Step 4: Analyzing the relationship between movie sales measured by box office collection to that of the average idvscore for user review and expert review

In [None]:
# Create a cursor object to interact with the database
cur = conn.cursor()


# Execute queries within the same session
# Creating the temporary table as it is in SQL
cur.execute("""CREATE TEMP TABLE boxoffice_reputation AS
WITH Top100HighestBoxOffice AS (
	SELECT
    s.title AS movie_name, 
    AVG(CAST(ur.idvscore AS NUMERIC)) AS "avg_user_review_idv_score",   
    AVG(CAST(er.idvscore AS NUMERIC)) AS "avg_expert_review_idv_score"  
FROM
    movie AS m
JOIN
    user_review AS ur ON m.url = ur.url
JOIN
    expert_review AS er ON m.url = er.url
JOIN
    sales AS s ON m.title = s.title
GROUP BY
    s.title
ORDER BY
    MAX(CAST(s.box_office AS NUMERIC)) DESC  
LIMIT
    100
),	


Top100LowestBoxOffice AS ( 
	SELECT
    s.title AS movie_name, 
    AVG(CAST(ur.idvscore AS NUMERIC)) AS "avg_user_review_idv_score",   
    AVG(CAST(er.idvscore AS NUMERIC)) AS "avg_expert_review_idv_score"  
FROM
    movie AS m
JOIN
    user_review AS ur ON m.url = ur.url
JOIN
    expert_review AS er ON m.url = er.url
JOIN
    sales AS s ON m.title = s.title
WHERE CAST(s.box_office AS NUMERIC) > 0  
GROUP BY
    s.title
ORDER BY
    MIN(CAST(s.box_office AS NUMERIC)) ASC
LIMIT
    100
),

CombinedResults AS (
    SELECT 'Top100HighestBoxOffice' AS BoxOffice,     
           movie_name,
           avg_user_review_idv_score,
           avg_expert_review_idv_score
    FROM Top100HighestBoxOffice
    UNION ALL
    SELECT 'Top100LowestBoxOffice' AS BoxOffice,      
           movie_name,
           avg_user_review_idv_score,
           avg_expert_review_idv_score
    FROM Top100LowestBoxOffice
)

SELECT BoxOffice,
       AVG(avg_user_review_idv_score) AS overall_avg_user_review,
       AVG(avg_expert_review_idv_score) AS overall_avg_expert_review
FROM CombinedResults
GROUP BY BoxOffice
ORDER BY overall_avg_user_review DESC;
""")  

conn.commit() # Commit the changes to the database 


# Execute the query to select data from the temporary table
cur.execute("SELECT * FROM boxoffice_reputation")

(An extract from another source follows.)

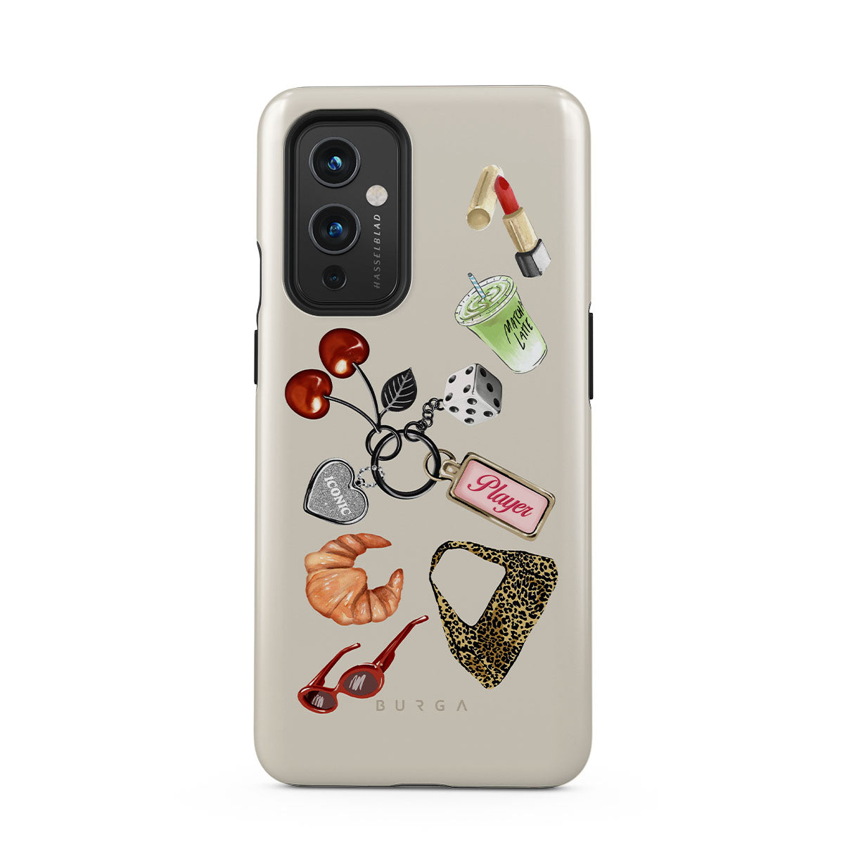 Cette collection est déclinée dans différents designs : lunettes de soleil rouges, rouge à lèvres rouge, matcha vert, croissant, dés noirs, sac imprimé léopard, porte-clés avec cœur argenté, cerises, dés et étiquette « Player ».

# Fetch all rows from the result set into a Pandas DataFrame
data = pd.DataFrame(cur.fetchall(), columns=["BoxOffice","overall_avg_user_review", "overall_avg_expert_review"])

# Display the DataFrame as a graphic/table
display(data)

    
#Close the cursor and database connection
cur.close()
conn.close()

#The data can then be used for further research to interpret the results based on the research & proceed to do some sentiment analysis of expert review text.